(Data entries)
********************

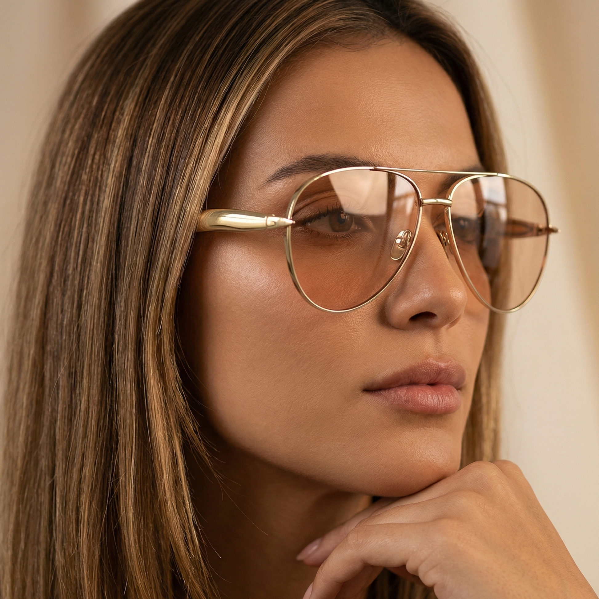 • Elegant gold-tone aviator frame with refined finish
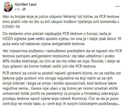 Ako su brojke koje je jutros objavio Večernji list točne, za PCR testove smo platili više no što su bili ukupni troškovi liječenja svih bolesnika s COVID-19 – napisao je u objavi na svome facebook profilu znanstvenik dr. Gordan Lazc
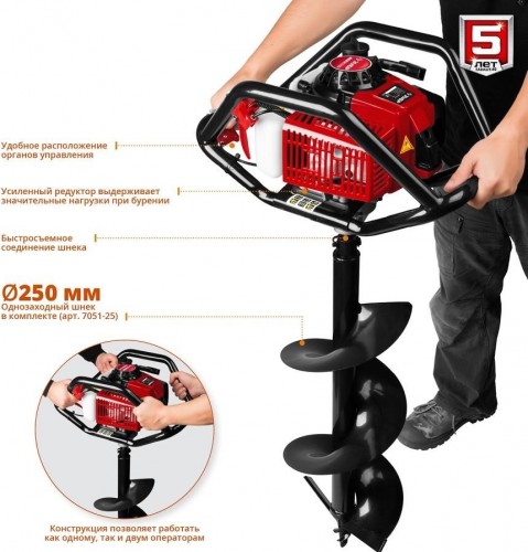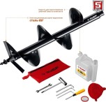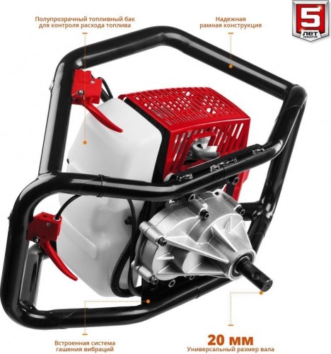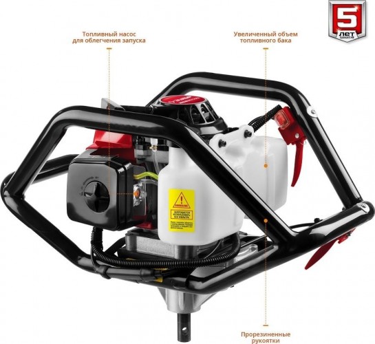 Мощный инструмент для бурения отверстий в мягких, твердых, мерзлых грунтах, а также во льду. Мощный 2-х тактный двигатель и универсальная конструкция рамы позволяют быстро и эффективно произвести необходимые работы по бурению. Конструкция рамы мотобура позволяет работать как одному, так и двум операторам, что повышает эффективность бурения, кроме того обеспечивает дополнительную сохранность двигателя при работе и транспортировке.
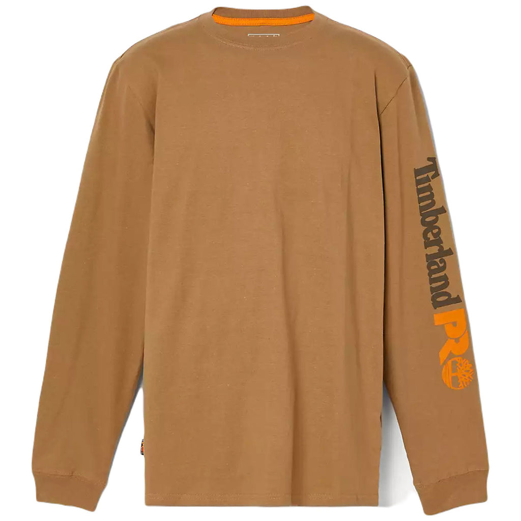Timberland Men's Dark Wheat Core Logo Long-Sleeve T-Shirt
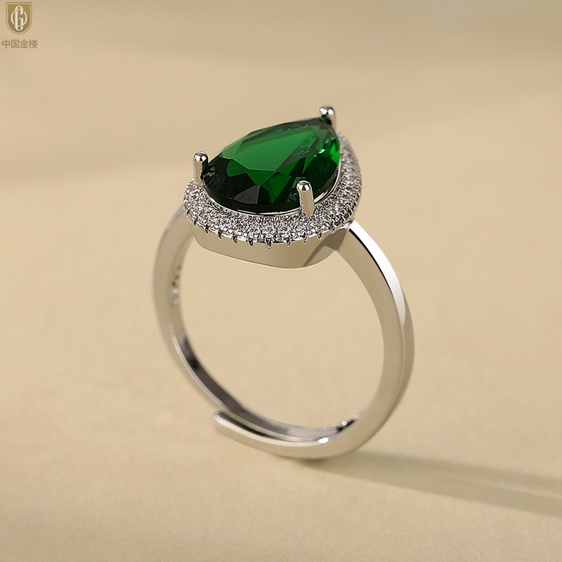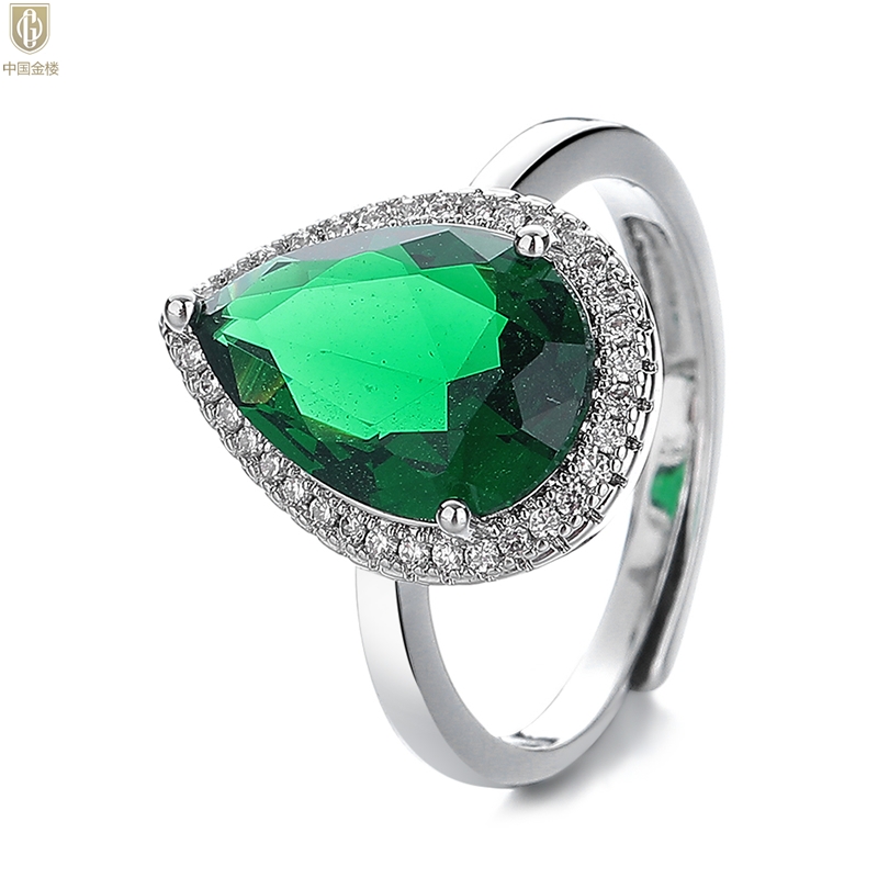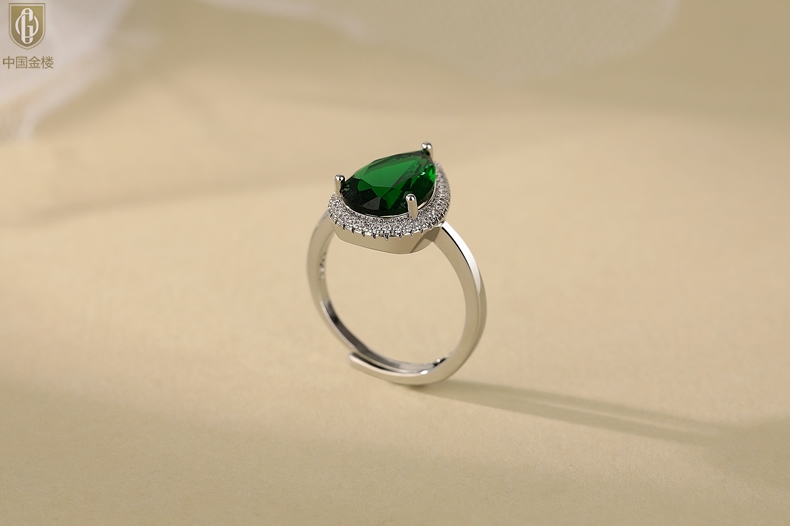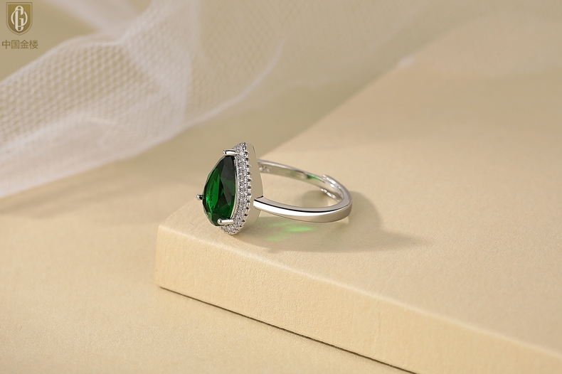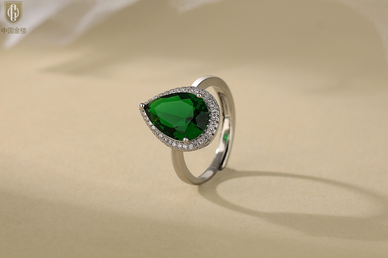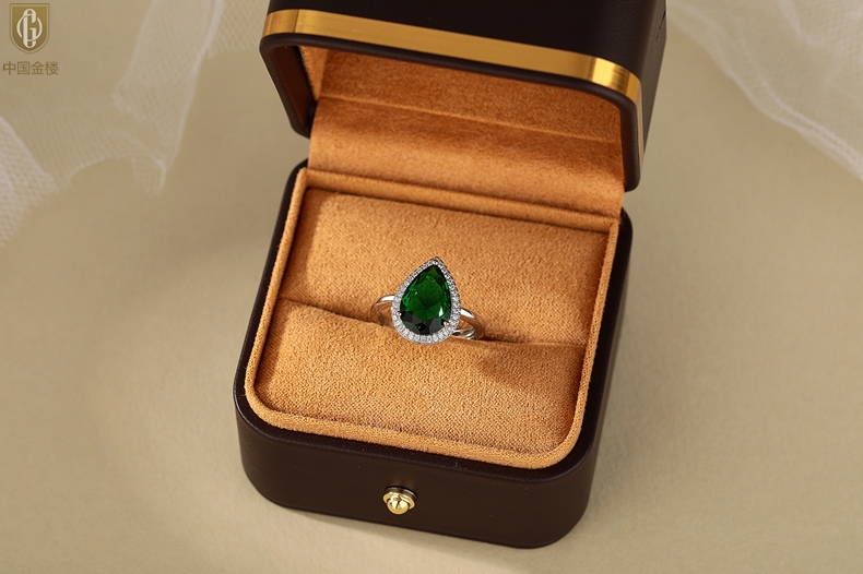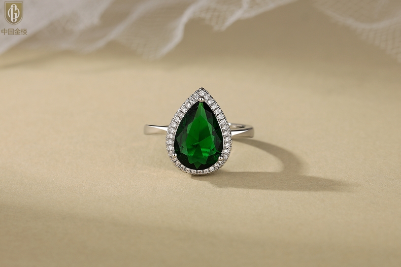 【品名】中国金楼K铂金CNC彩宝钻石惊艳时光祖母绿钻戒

********************

REQUIRED ACTION
All records above are to be printed exactly, minus the pictures they contain.

RESPONSE
 • Elegant gold-tone aviator frame with refined finish
 Ako su brojke koje je jutros objavio Večernji list točne, za PCR testove smo platili više no što su bili ukupni troškovi liječenja svih bolesnika s COVID-19 – napisao je u objavi na svome facebook profilu znanstvenik dr. Gordan Lazc
 Мощный инструмент для бурения отверстий в мягких, твердых, мерзлых грунтах, а также во льду. Мощный 2-х тактный двигатель и универсальная конструкция рамы позволяют быстро и эффективно произвести необходимые работы по бурению. Конструкция рамы мотобура позволяет работать как одному, так и двум операторам, что повышает эффективность бурения, кроме того обеспечивает дополнительную сохранность двигателя при работе и транспортировке.
Timberland Men's Dark Wheat Core Logo Long-Sleeve T-Shirt
 【品名】中国金楼K铂金CNC彩宝钻石惊艳时光祖母绿钻戒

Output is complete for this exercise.